**The problem**
While you copy the lines below, skip the pictures and keep the rest exact.

**Data block**
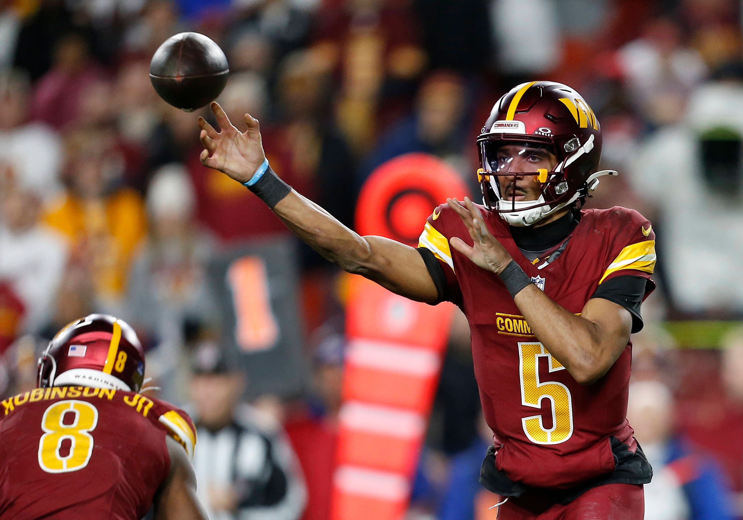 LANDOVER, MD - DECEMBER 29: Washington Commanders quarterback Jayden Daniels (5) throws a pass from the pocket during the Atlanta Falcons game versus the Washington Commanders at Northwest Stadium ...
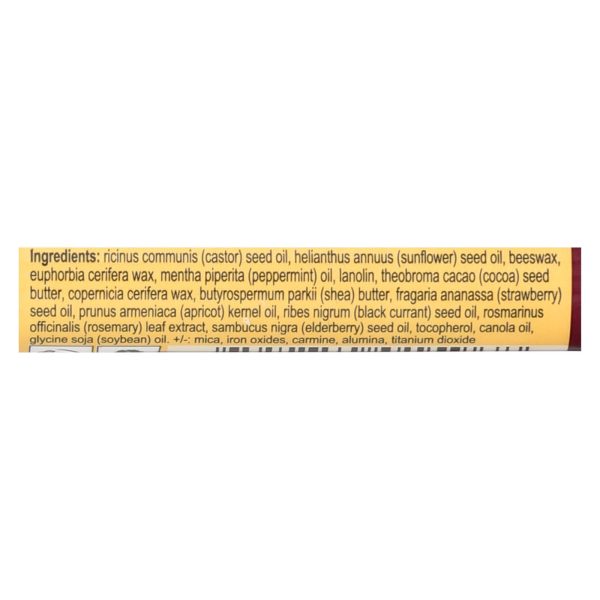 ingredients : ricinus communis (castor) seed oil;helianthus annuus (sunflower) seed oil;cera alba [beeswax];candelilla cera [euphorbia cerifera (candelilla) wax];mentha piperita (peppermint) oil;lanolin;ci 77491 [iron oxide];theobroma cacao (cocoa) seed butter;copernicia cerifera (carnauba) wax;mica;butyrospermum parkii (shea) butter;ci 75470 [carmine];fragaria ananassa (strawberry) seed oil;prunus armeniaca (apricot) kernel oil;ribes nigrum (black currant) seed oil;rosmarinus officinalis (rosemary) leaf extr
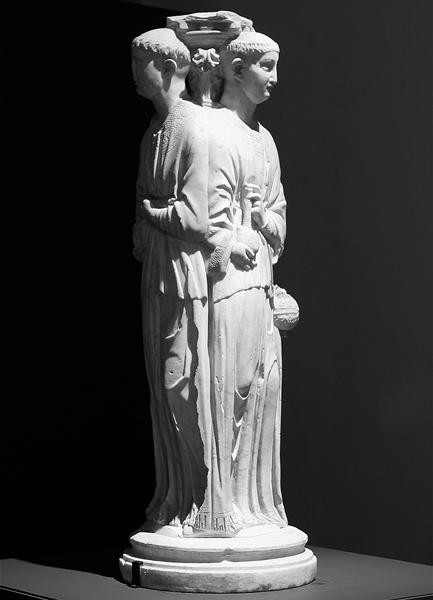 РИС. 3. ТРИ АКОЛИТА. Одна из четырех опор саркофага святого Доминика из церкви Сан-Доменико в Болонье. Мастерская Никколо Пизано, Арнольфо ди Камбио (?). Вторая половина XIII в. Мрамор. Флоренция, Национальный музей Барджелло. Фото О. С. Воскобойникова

**Answer to the exercise**
 LANDOVER, MD - DECEMBER 29: Washington Commanders quarterback Jayden Daniels (5) throws a pass from the pocket during the Atlanta Falcons game versus the Washington Commanders at Northwest Stadium ...
 ingredients : ricinus communis (castor) seed oil;helianthus annuus (sunflower) seed oil;cera alba [beeswax];candelilla cera [euphorbia cerifera (candelilla) wax];mentha piperita (peppermint) oil;lanolin;ci 77491 [iron oxide];theobroma cacao (cocoa) seed butter;copernicia cerifera (carnauba) wax;mica;butyrospermum parkii (shea) butter;ci 75470 [carmine];fragaria ananassa (strawberry) seed oil;prunus armeniaca (apricot) kernel oil;ribes nigrum (black currant) seed oil;rosmarinus officinalis (rosemary) leaf extr
 РИС. 3. ТРИ АКОЛИТА. Одна из четырех опор саркофага святого Доминика из церкви Сан-Доменико в Болонье. Мастерская Никколо Пизано, Арнольфо ди Камбио (?). Вторая половина XIII в. Мрамор. Флоренция, Национальный музей Барджелло. Фото О. С. Воскобойникова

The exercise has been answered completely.